Dataset entries:
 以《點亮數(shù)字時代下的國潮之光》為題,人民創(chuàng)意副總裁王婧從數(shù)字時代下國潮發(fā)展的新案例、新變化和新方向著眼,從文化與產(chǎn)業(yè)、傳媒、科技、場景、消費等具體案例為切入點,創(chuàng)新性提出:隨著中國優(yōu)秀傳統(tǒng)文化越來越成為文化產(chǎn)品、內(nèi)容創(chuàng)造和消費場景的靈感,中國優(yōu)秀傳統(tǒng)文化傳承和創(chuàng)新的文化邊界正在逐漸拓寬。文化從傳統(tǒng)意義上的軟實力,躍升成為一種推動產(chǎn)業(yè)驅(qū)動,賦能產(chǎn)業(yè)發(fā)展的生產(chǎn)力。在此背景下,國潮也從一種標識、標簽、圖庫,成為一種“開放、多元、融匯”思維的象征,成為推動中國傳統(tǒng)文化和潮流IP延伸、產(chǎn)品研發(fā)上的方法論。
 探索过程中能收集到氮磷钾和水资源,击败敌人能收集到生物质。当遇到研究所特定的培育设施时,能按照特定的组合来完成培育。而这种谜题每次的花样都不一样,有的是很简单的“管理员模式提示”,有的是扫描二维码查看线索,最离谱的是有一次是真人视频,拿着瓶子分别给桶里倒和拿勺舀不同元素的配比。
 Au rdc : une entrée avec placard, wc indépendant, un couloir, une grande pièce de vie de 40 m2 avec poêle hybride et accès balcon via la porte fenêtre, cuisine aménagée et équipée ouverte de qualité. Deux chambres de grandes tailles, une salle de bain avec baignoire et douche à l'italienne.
* * *
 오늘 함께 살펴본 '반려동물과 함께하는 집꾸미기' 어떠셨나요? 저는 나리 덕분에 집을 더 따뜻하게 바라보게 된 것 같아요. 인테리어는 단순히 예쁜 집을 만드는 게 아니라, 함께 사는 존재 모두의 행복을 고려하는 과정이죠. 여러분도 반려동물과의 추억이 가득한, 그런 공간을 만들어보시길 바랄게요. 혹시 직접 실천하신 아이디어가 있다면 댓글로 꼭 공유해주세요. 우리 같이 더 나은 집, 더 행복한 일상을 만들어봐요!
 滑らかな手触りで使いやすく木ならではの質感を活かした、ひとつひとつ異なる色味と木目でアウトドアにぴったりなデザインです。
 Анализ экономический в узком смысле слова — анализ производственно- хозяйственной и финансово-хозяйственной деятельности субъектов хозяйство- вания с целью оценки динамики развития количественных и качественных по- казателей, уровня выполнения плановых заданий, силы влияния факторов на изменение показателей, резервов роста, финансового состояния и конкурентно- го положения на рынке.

The task: Everything from the line with "오늘 함께 살펴본 '반려동물과" through the line with "Анализ экономический в" in the listing above must be retyped exactly, with nothing added.

Problem solution:
 오늘 함께 살펴본 '반려동물과 함께하는 집꾸미기' 어떠셨나요? 저는 나리 덕분에 집을 더 따뜻하게 바라보게 된 것 같아요. 인테리어는 단순히 예쁜 집을 만드는 게 아니라, 함께 사는 존재 모두의 행복을 고려하는 과정이죠. 여러분도 반려동물과의 추억이 가득한, 그런 공간을 만들어보시길 바랄게요. 혹시 직접 실천하신 아이디어가 있다면 댓글로 꼭 공유해주세요. 우리 같이 더 나은 집, 더 행복한 일상을 만들어봐요!
 滑らかな手触りで使いやすく木ならではの質感を活かした、ひとつひとつ異なる色味と木目でアウトドアにぴったりなデザインです。
 Анализ экономический в узком смысле слова — анализ производственно- хозяйственной и финансово-хозяйственной деятельности субъектов хозяйство- вания с целью оценки динамики развития количественных и качественных по- казателей, уровня выполнения плановых заданий, силы влияния факторов на изменение показателей, резервов роста, финансового состояния и конкурентно- го положения на рынке.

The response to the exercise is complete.